Prompt - Restate word for word the lines of the listing below, from its first line through the line with "Dalam video yang", without the pictures.

# # # # #

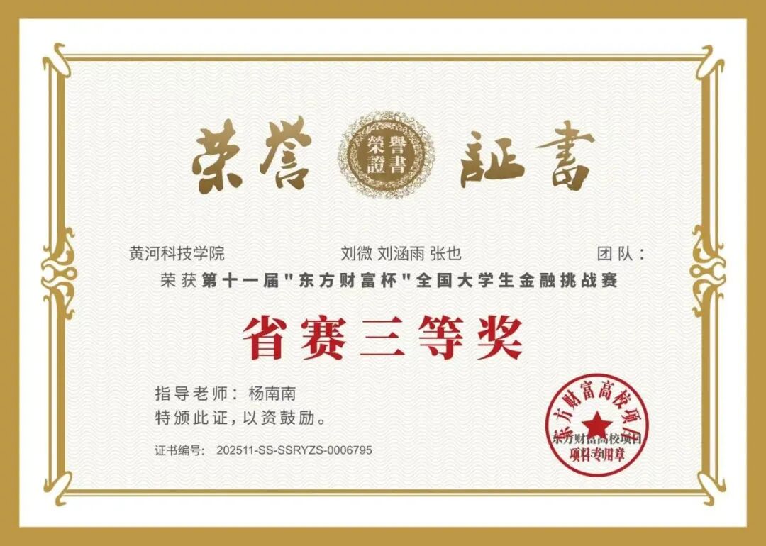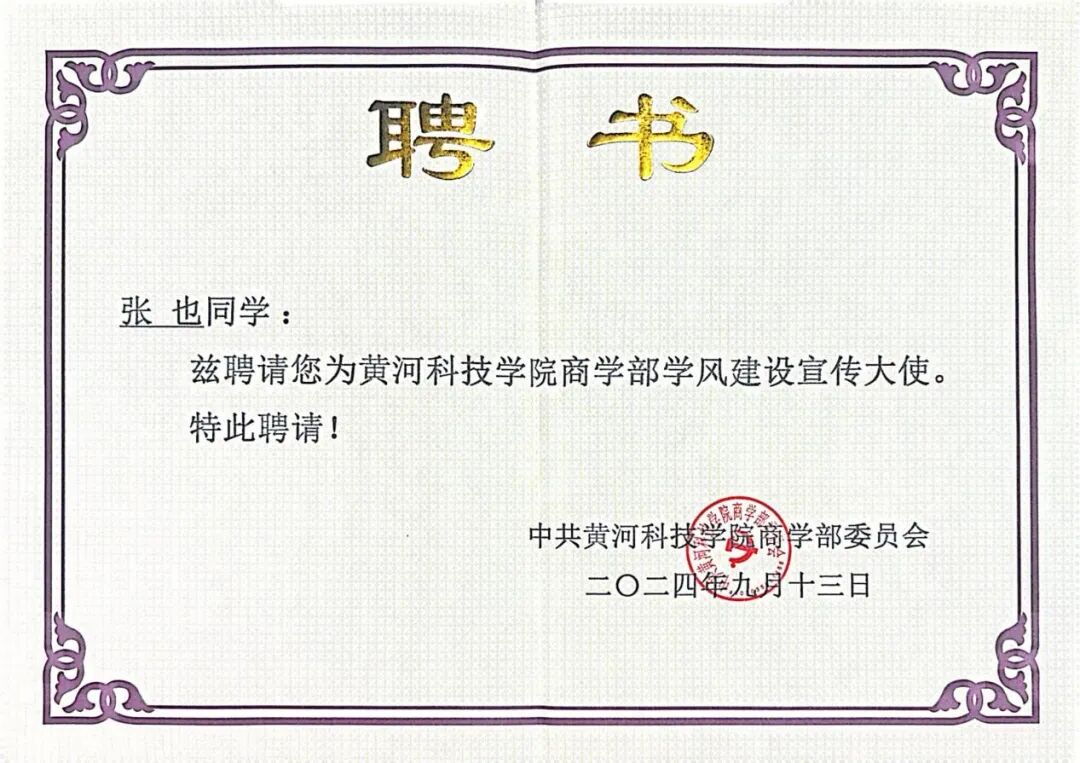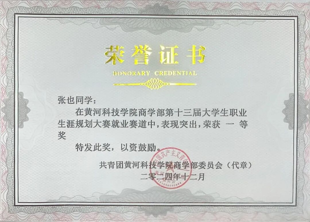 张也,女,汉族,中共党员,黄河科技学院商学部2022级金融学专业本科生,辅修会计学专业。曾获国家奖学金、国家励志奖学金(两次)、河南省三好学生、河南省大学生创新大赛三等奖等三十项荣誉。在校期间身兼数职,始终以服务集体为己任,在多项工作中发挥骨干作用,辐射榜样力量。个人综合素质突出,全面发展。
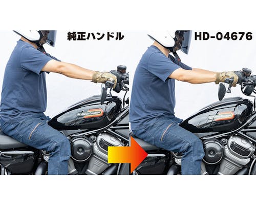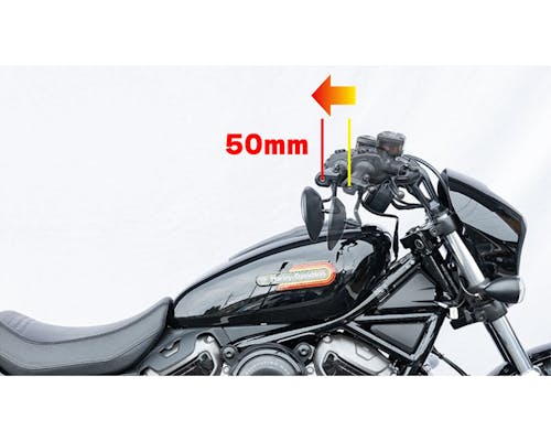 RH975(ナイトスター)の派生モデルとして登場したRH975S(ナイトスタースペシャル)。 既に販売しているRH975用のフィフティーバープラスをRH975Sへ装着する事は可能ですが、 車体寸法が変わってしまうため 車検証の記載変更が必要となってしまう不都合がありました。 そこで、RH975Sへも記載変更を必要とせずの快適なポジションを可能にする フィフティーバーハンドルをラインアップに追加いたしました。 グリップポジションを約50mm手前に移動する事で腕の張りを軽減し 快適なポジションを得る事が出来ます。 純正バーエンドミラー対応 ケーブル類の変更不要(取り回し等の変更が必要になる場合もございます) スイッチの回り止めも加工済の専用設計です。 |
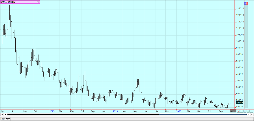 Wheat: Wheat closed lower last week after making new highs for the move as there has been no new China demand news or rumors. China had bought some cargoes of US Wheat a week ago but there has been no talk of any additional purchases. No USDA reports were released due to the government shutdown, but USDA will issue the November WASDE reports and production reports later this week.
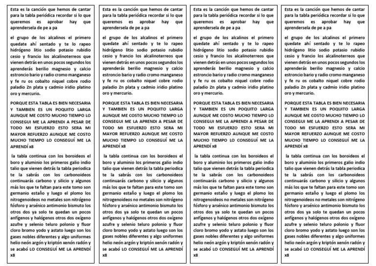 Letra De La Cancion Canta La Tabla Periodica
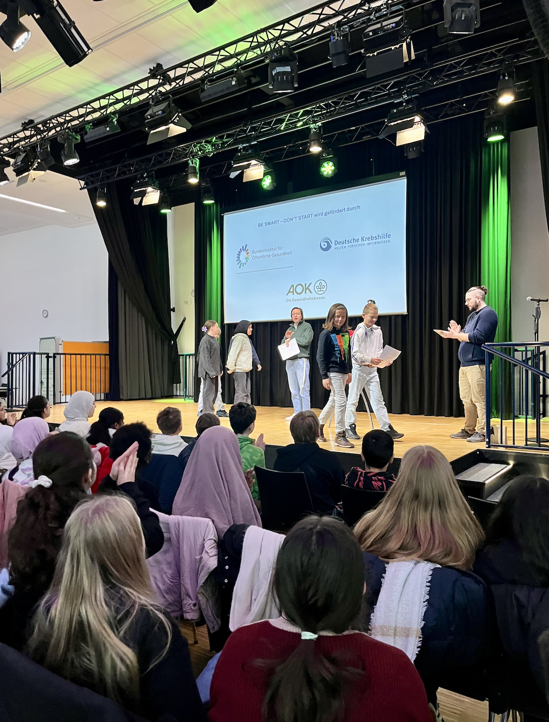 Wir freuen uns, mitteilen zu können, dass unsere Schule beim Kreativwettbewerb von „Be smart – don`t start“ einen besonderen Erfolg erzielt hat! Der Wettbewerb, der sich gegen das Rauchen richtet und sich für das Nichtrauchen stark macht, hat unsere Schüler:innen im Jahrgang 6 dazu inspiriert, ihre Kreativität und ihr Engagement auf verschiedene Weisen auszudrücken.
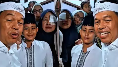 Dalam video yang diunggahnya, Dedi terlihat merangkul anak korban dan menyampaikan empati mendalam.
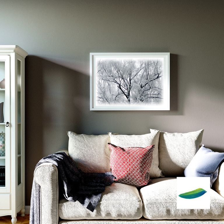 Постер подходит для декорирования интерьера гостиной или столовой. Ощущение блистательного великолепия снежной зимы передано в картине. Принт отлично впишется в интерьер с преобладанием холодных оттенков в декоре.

# # # # #

Response area -
 张也,女,汉族,中共党员,黄河科技学院商学部2022级金融学专业本科生,辅修会计学专业。曾获国家奖学金、国家励志奖学金(两次)、河南省三好学生、河南省大学生创新大赛三等奖等三十项荣誉。在校期间身兼数职,始终以服务集体为己任,在多项工作中发挥骨干作用,辐射榜样力量。个人综合素质突出,全面发展。
 RH975(ナイトスター)の派生モデルとして登場したRH975S(ナイトスタースペシャル)。 既に販売しているRH975用のフィフティーバープラスをRH975Sへ装着する事は可能ですが、 車体寸法が変わってしまうため 車検証の記載変更が必要となってしまう不都合がありました。 そこで、RH975Sへも記載変更を必要とせずの快適なポジションを可能にする フィフティーバーハンドルをラインアップに追加いたしました。 グリップポジションを約50mm手前に移動する事で腕の張りを軽減し 快適なポジションを得る事が出来ます。 純正バーエンドミラー対応 ケーブル類の変更不要(取り回し等の変更が必要になる場合もございます) スイッチの回り止めも加工済の専用設計です。 |
 Wheat: Wheat closed lower last week after making new highs for the move as there has been no new China demand news or rumors. China had bought some cargoes of US Wheat a week ago but there has been no talk of any additional purchases. No USDA reports were released due to the government shutdown, but USDA will issue the November WASDE reports and production reports later this week.
 Letra De La Cancion Canta La Tabla Periodica
 Wir freuen uns, mitteilen zu können, dass unsere Schule beim Kreativwettbewerb von „Be smart – don`t start“ einen besonderen Erfolg erzielt hat! Der Wettbewerb, der sich gegen das Rauchen richtet und sich für das Nichtrauchen stark macht, hat unsere Schüler:innen im Jahrgang 6 dazu inspiriert, ihre Kreativität und ihr Engagement auf verschiedene Weisen auszudrücken.
 Dalam video yang diunggahnya, Dedi terlihat merangkul anak korban dan menyampaikan empati mendalam.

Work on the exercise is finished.